Uvalde School District Superintendent Hal Harrell and an attorney for Robb Elementary School Principal Mandy Gutierrez told Fox News the district placed the principal on paid administrative leave on Monday. Gutierrez is the second school employee to be placed on leave — Police Chief Pete Arredondo was the first.
In a 77-page investigative report released by the Texas House of Representatives, the committee reported “systematic failures and egregiously poor decision making” that contributed to the deaths of 21 people on May 24, Breitbart Texas reported.
Fox News cited the report with the following:
“The school’s five-foot tall exterior fence was inadequate to meaningfully impede an intruder. While the school had adopted security policies to lock exterior doors and internal classroom doors, there was a regrettable culture of noncompliance by school personnel who frequently propped doors open and deliberately circumvented locks,” according to the report. “At a minimum, school administrators and school district police tacitly condoned this behavior as they were aware of these unsafe practices and did not treat them as serious infractions requiring immediate correction.”
“In fact, the school actually suggested circumventing the locks as a solution for the convenience of substitute teachers and others who lacked their own keys,” the report added.
Fox News added that Principal Gutierrez and her assistant principal knew about the problems regarding the inability to lock the classroom door due to the maintenance issue at about the time of Spring Break. The report states a work order was never filed to have the lock repaired.

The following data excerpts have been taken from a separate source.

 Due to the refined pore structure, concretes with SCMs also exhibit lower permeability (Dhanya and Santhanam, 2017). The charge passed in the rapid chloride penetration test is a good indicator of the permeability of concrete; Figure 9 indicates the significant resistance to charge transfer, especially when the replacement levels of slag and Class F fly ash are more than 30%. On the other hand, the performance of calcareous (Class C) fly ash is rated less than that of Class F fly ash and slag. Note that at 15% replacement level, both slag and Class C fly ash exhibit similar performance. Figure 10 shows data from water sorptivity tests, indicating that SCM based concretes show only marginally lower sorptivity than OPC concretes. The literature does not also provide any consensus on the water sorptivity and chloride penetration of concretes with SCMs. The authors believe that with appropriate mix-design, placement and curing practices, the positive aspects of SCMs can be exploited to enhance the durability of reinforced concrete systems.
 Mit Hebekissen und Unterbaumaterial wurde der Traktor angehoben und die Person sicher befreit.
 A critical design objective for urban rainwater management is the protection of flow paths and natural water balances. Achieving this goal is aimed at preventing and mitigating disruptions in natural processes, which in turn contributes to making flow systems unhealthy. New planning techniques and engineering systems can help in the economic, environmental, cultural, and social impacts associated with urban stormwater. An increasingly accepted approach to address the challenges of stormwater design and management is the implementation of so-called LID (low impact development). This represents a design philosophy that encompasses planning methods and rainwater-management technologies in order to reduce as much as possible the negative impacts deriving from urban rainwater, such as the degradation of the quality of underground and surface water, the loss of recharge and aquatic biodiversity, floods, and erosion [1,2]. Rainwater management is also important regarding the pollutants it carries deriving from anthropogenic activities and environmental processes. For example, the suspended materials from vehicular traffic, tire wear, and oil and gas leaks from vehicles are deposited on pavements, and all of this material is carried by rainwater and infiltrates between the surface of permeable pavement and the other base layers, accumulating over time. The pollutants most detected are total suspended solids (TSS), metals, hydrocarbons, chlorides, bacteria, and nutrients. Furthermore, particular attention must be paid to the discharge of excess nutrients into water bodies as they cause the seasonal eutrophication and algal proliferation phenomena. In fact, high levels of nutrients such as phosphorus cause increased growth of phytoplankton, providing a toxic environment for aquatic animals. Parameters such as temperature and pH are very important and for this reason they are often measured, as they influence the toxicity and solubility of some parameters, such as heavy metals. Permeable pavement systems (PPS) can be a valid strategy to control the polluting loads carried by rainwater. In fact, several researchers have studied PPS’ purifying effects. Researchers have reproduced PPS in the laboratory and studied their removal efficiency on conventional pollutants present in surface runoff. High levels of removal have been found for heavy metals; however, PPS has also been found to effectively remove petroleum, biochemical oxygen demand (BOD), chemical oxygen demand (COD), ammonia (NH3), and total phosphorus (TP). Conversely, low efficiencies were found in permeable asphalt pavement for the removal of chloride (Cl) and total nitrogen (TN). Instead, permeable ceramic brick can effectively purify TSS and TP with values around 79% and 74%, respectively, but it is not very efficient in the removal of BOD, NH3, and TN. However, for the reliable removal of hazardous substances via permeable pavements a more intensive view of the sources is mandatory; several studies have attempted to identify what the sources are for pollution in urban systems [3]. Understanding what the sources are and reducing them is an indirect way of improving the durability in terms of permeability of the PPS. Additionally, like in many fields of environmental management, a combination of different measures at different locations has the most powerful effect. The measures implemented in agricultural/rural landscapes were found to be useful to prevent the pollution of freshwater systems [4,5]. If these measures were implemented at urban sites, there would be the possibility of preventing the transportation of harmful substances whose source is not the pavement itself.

Texas State Representatives Dustin Burrows (R-Lubbock) and Joe Moody (D-El Paso) along with former Texas Supreme Court Justice Eva Guzman led the investigation and released the 77-page report on July 17 in Uvalde.
In addition to the law enforcement response, the report details the actions of school officials that contributed to the shooter being able to easily access the building and the classroom. It also goes into the background of the shooter and indications of his potential to carry out the attack on May 24.

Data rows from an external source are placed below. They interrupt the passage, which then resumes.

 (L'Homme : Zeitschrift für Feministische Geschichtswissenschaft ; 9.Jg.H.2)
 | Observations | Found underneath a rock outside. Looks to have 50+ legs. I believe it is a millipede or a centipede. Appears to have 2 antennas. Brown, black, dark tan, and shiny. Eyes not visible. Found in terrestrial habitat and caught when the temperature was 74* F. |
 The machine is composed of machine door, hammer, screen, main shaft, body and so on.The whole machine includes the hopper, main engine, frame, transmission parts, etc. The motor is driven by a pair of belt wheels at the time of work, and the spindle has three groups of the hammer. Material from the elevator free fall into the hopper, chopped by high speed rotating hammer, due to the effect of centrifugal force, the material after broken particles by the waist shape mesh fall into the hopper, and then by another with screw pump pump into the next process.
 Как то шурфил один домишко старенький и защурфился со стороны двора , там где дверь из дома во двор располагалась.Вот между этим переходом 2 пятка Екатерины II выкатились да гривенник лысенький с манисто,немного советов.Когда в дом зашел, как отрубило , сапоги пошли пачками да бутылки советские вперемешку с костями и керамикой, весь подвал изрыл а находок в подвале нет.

During testimony from Texas Department of Public Safety Director Steve McCraw before the Texas Senate in June, the director stated that the south and west doors were placed into an unlocked setting, State Senator Paul Bettencourt (R-Houston) told Breitbart Texas. The doors were routinely left unlocked in direct violation of the Uvalde Consolidated Independent School District’s school safety directive, he related.
The director also testified that the door to classroom 112 (one of two classrooms where the shooting took place) could not be locked because the steel plate on the frame did not line up with the door’s bolt mechanism. DPS investigators verified that teacher Arnulfo Reyes previously reported the maintenance issue.
In addition to the unlocked and unlockable doors, Senator Bettencourt told Breitbart that there are multiple breaches in the fencing. Instead of repairing the gaps, the district strung rope. The fence is also only four feet tall–allowing the shooter to easily enter the school perimeter.
The Uvalde School Preventative Security Measures policy document states:
11: PERIMETER FENCING – Dalton, Anthon, and Robb have fencing that encloses the campus is designed to limit and/or restrict access to individuals without a need to be on the campus.
17: LOCKED CLASSROOM DOOR POLICY – Teachers are instructed to keep their classroom doors closed and locked at all times. Barriers are not to be used.
Principal Gutierres is the first non-law enforcement school official to face suspension following the May shooting at Robb Elementary School.
The Texas House report also stated that Gutierrez failed to use the school’s intercom system to initiate a lockdown and warning as the shooting began outside the building. She attempted to initiate the lockdown through a school district app but a bad Wi-Fi signal prevented this safety measure.